Umbá wasté is a traditional Nakoda greeting. Translated into English umbá wasté means "good day." Oct.
Mosquito First Nation drummers perform at a conference in the Cypress Hills where methods of preserving the Nakoda language and forming a Nakoda confederacy were explored.

Umbá wasté is a traditional Nakoda greeting. Translated into English umbá wasté means "good day."

Oct. 18-21, 170 Nakoda from Saskatchewan, Alberta and Montana gathered in the Cypress Hills for the first time in over 100 years, when Nakoda ancestors used the Cypress Hills as a wintering ground.

Thirty-five members from Mosquito First Nation were able to make the journey to this historic four-day conference. Organized, in part, by Clayton Armstrong, Freida O'watch, Noelle Stone and the Mosquito council members, the aim of this five-year plan was to bring together the Nakoda Band to listen and learn from one another the ways in which the Nakoda language is being rejuvenated within their communities.

The conference was an amalgamation of traditional knowledge and contemporary education. Participants spent three days presenting various strategies to excite and immerse youth in their mother tongue.

"We need to develop a program that will cause the young people to see how important language is," says J.R. Two Young Men from Chiniki First Nation, Alta.

Presenters gave examples of new ways of using technology to engage and assist in language retention. Some suggestions were: a device known as a Phraselator, "word of the day" on sites like Facebook, encouraging text messages in the Nakoda language, and the use of stop-motion animation as a new form of storytelling.
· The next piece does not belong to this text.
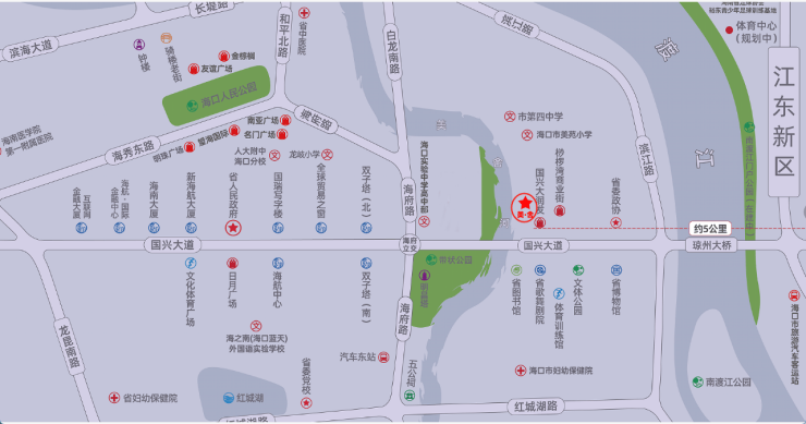 3.经济金融中心:国兴大道大英山CBD片区坐拥政府颁布的“五公里金融街”,银行总部、证券、基金、保险等区域总部均坐落于此,是海南首屈一指的经济中心。

It was agreed language retention begins at home. Language is more than words, it is culture, identity and a sense of belonging.

"Language is essential and defines us as a people." says Dutch Lerat, vice-chief of Federation of Saskatchewan Indian Nations.

Traditional Nakoda ceremonies were an integral part of sharing language over the four days. Attendees participated in a sweat, a round dance, hand games, storytelling, and pipe ceremonies.

During his presentation, Roger White Jr. from Fort Peck First Nation, Mont. made the statement, "Language is alive, it is living."

According to the Saskatchewan Indian Culture Centre there are approximately 3,492 Nakoda living in Saskatchewan, of those, only nine per cent are fluent speakers with the majority of those being elderly. Listening to the youth, the upstanding students from Mosquito, Carry the Kettle and Chiniki First Nations who were invited to come and share how and why they are learning their language, you could feel a true sense of hope the Nakoda language will grow in the years to come.

The intent of this conference was to not only look at and develop further ways of keeping the Nakoda language alive with youth in the communities, but to begin the road to a confederacy among the Nakoda Nation

"How do we govern ourselves? How do we set up a confederacy? These borders mean nothing to us; overlook those borders, look at us as a tribe, a family," said James O'watch from Carry the Kettle First Nation in Saskatchewan in his presentation

Over the next month a Committee will be established with representatives from each Nakoda Band to help execute this five-year plan and put into place ideas brought forth for next year's Nakoda Language and Culture Conference. Thus begins the journey to establishing a future Nakoda Confederacy.